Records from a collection
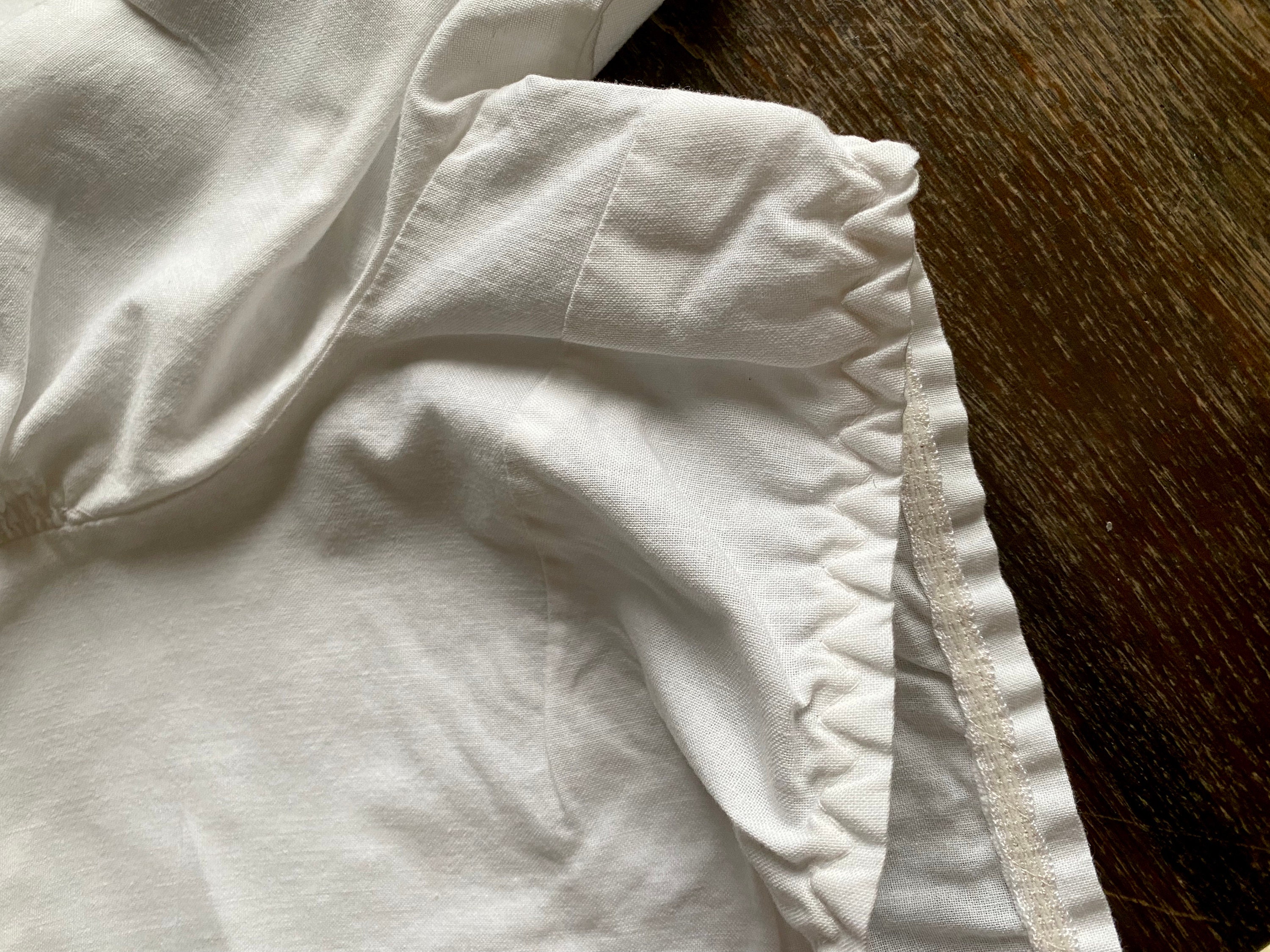 FABRIC: Unknown. Feels like a cotton/linen/polyester blend.
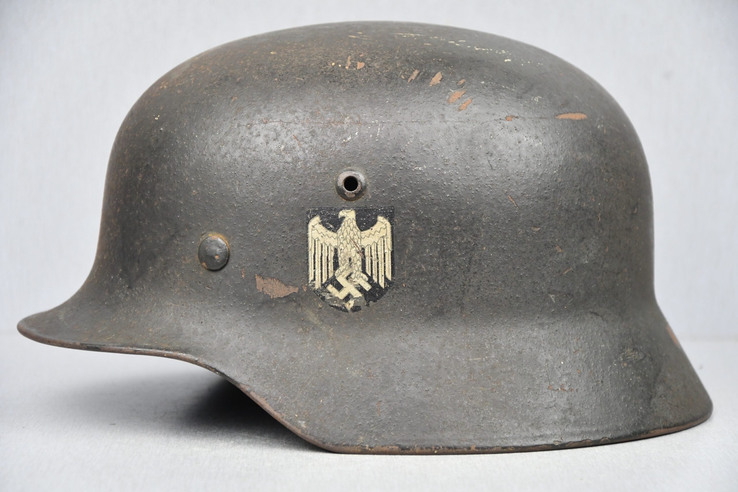 Beautiful textbook M35 steel helmet, reissued example ca. 1941. This helmet, was factory reissued during the war, receiving a new thick rough field green layer of paint and a new decal. The decal is a textbook example that I like to see on reissued helmets, being produced by Methner and Burger (Grey lined eagle). It shows sharp details and is nearly 100% intact. The helmet is complete with its 1940 dated liner and you can clearly see the split pins are untouched and straight. The leather itself is supple and remains in very good condition . Shell markings are bearly visible due to the thick sand mixed paint, I belive to be Q66 – 5641. Named to S. Kaufmann. A beautiful UNTOUCHED M35 army steel helmet!
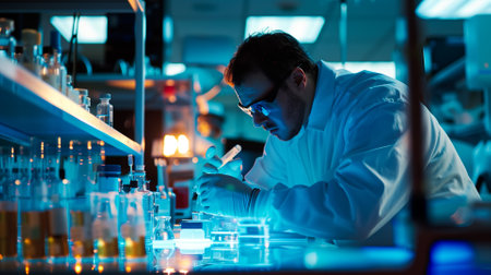 A western scientist man working on test tube to analysis and develop vaccine of covid-19 virus in lab or laboratory in technology medical, chemistry, healthcare, research. Experimental science.
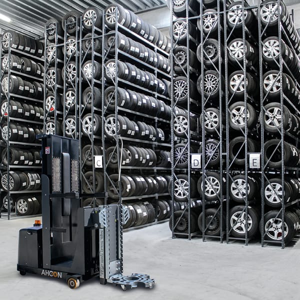 De nombreuses installations de stockage sont adaptées à des racks de pneus en hauteur – le seul défi consiste à trouver un moyen intelligent, sûr et ergonomique de faire entrer et sortir les pneus des racks de pneus en hauteur.
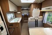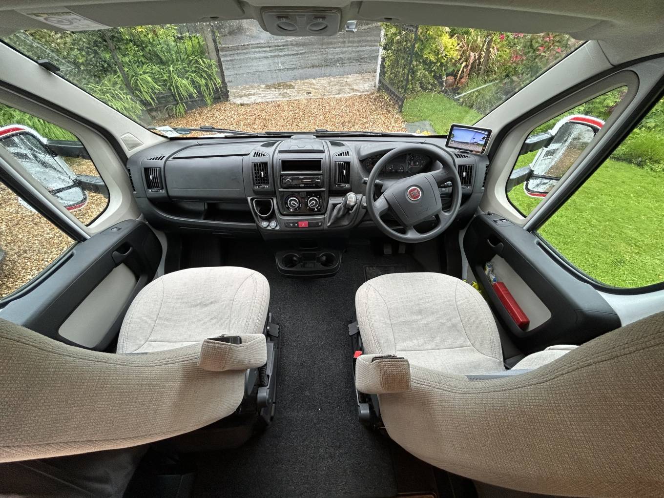 Moving forward you have the centre dinette area which allows you to travel 2 extra people and offers another area to relax. This area can be turned into a four-seater dinette when you take advantage of the front swivel seats and can make this space into a small bed for a child. The cab area is where you will find comfort and a host of extras which all help make this motorhome a safe and comfortable drive including Cab Air Con, USB Port and Reversing Camera that gives a clear picture and can act as a mirror while you drive. You also have a large garage at the rear of the motorhome that runs the width of the motorhome ensuring nothing is left behind on your next adventure.
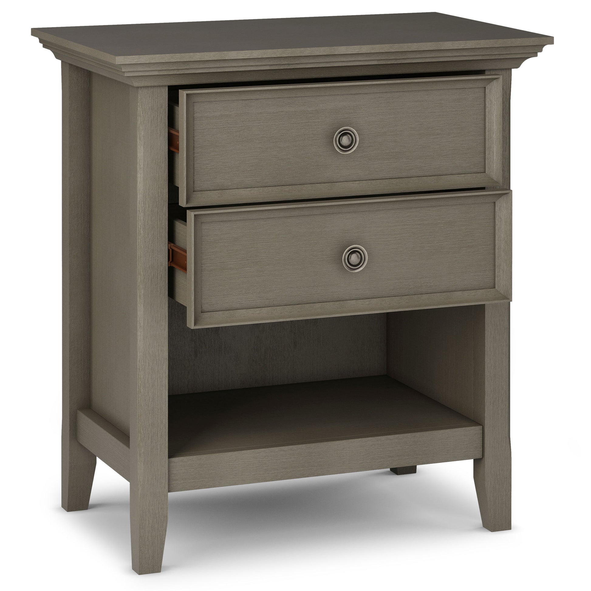 - Features two (2) spacious drawers with metal drawer glides and open bottom storage area
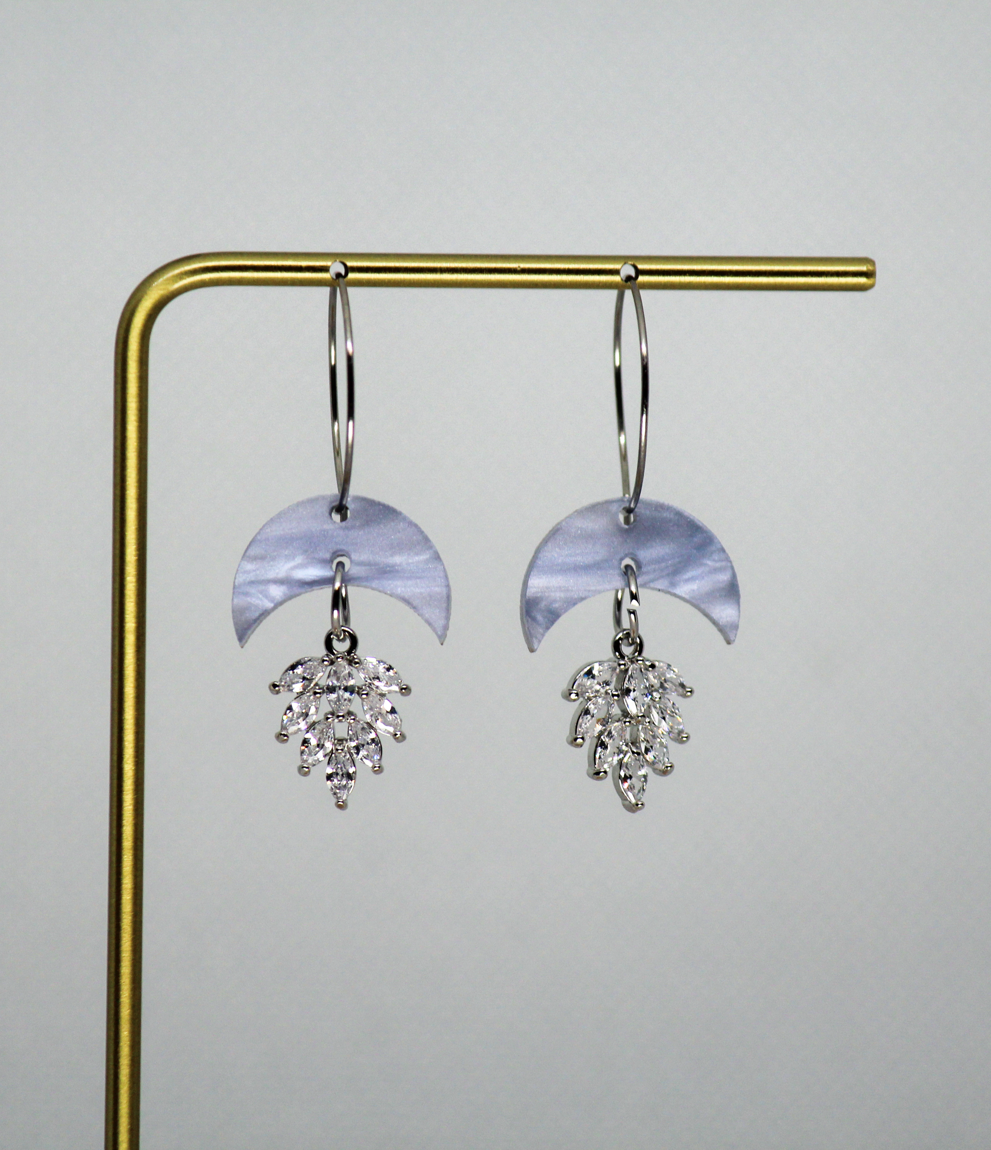 Handcrafted acrylic moon charm adorned with a sparkling cubic zirconia leaf detail. This delicate piece captures celestial elegance with artisanal charm, perfect for personalizing bracelets, necklaces, or jewelry projects. Available in three stunning color varieties to match your unique style. Each charm reflects careful attention to detail, bringing a touch of nature-inspired magic to your collection.
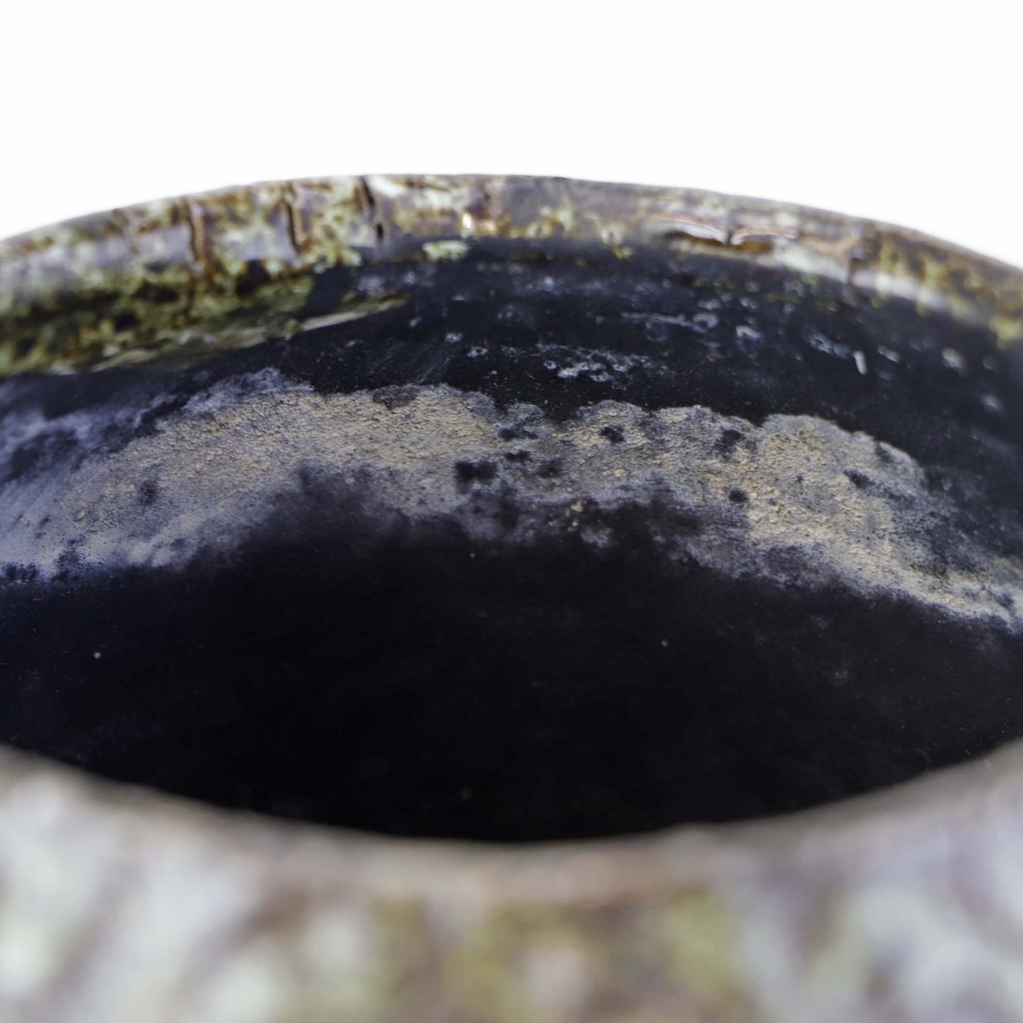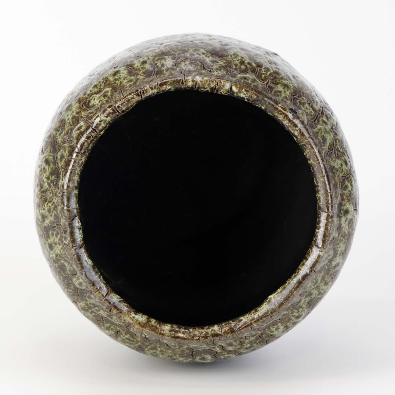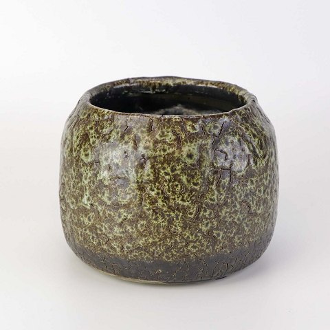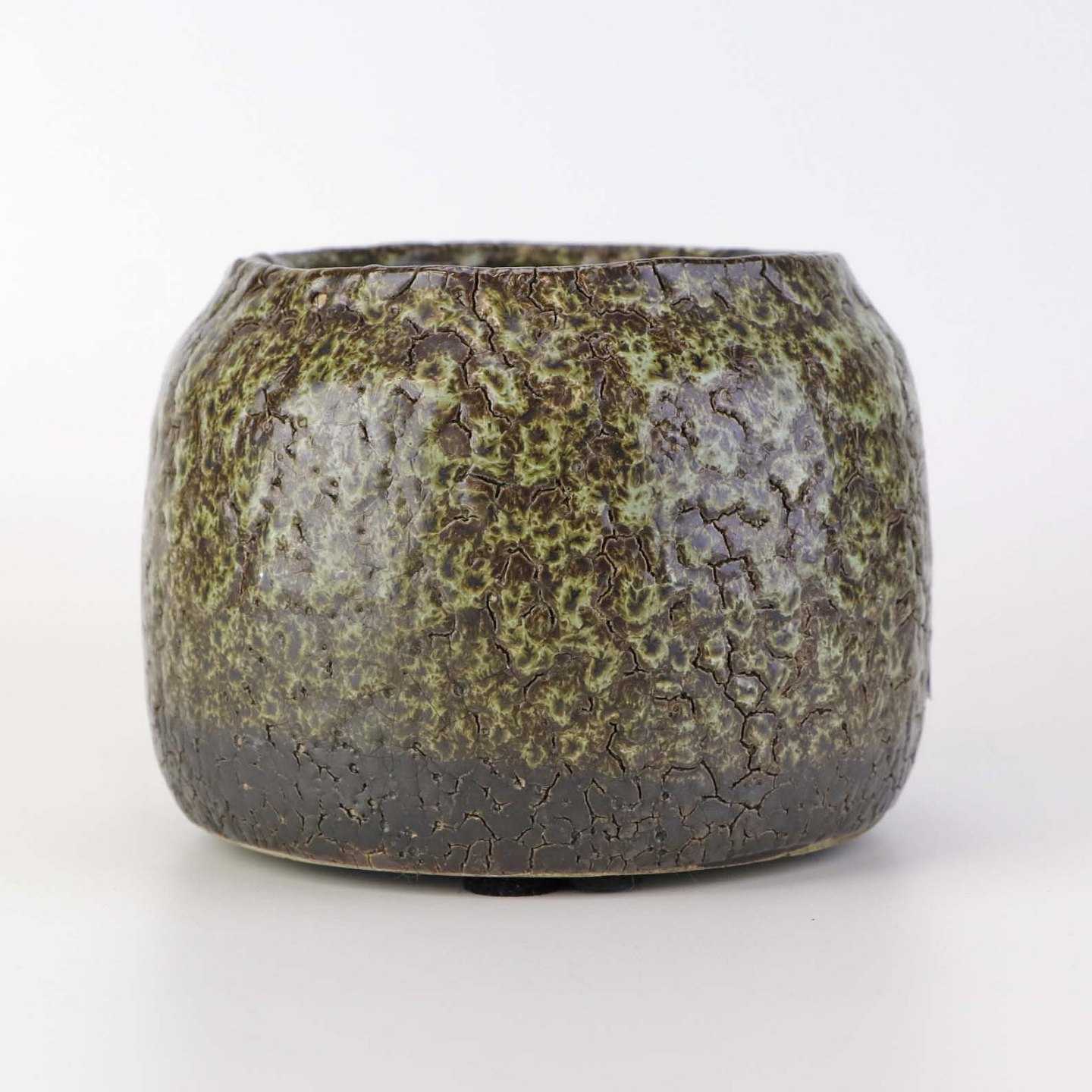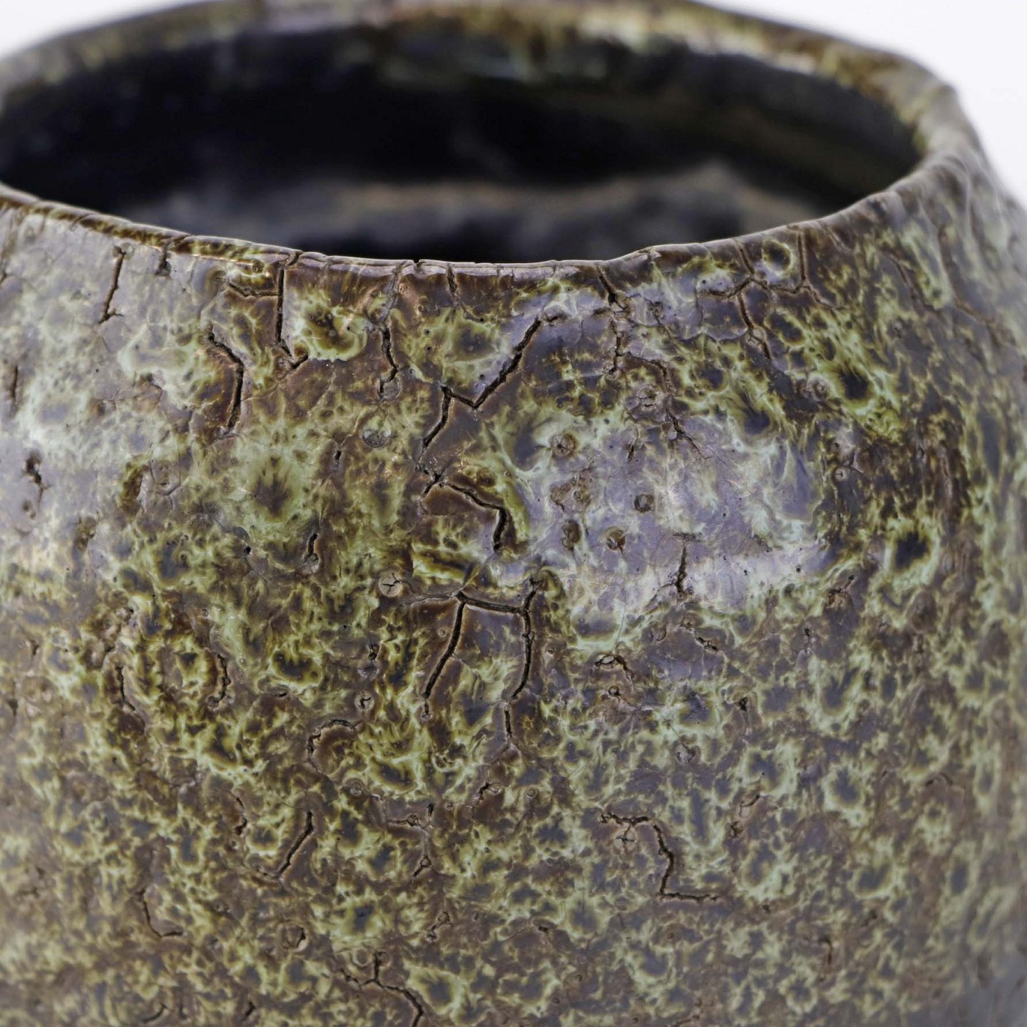 Skjuler til urtepotte i glaseret keramik med krakkeleret mønster i grønbrune farver.Producent ukendt

WHAT YOU ARE ASKED TO DO: The records above should be written out in full and unchanged, except that pictures are dropped.

RESPONSE TO THE EXERCISE:
 FABRIC: Unknown. Feels like a cotton/linen/polyester blend.
 Beautiful textbook M35 steel helmet, reissued example ca. 1941. This helmet, was factory reissued during the war, receiving a new thick rough field green layer of paint and a new decal. The decal is a textbook example that I like to see on reissued helmets, being produced by Methner and Burger (Grey lined eagle). It shows sharp details and is nearly 100% intact. The helmet is complete with its 1940 dated liner and you can clearly see the split pins are untouched and straight. The leather itself is supple and remains in very good condition . Shell markings are bearly visible due to the thick sand mixed paint, I belive to be Q66 – 5641. Named to S. Kaufmann. A beautiful UNTOUCHED M35 army steel helmet!
 A western scientist man working on test tube to analysis and develop vaccine of covid-19 virus in lab or laboratory in technology medical, chemistry, healthcare, research. Experimental science.
 De nombreuses installations de stockage sont adaptées à des racks de pneus en hauteur – le seul défi consiste à trouver un moyen intelligent, sûr et ergonomique de faire entrer et sortir les pneus des racks de pneus en hauteur.
 Moving forward you have the centre dinette area which allows you to travel 2 extra people and offers another area to relax. This area can be turned into a four-seater dinette when you take advantage of the front swivel seats and can make this space into a small bed for a child. The cab area is where you will find comfort and a host of extras which all help make this motorhome a safe and comfortable drive including Cab Air Con, USB Port and Reversing Camera that gives a clear picture and can act as a mirror while you drive. You also have a large garage at the rear of the motorhome that runs the width of the motorhome ensuring nothing is left behind on your next adventure.
 - Features two (2) spacious drawers with metal drawer glides and open bottom storage area
 Handcrafted acrylic moon charm adorned with a sparkling cubic zirconia leaf detail. This delicate piece captures celestial elegance with artisanal charm, perfect for personalizing bracelets, necklaces, or jewelry projects. Available in three stunning color varieties to match your unique style. Each charm reflects careful attention to detail, bringing a touch of nature-inspired magic to your collection.
 Skjuler til urtepotte i glaseret keramik med krakkeleret mønster i grønbrune farver.Producent ukendt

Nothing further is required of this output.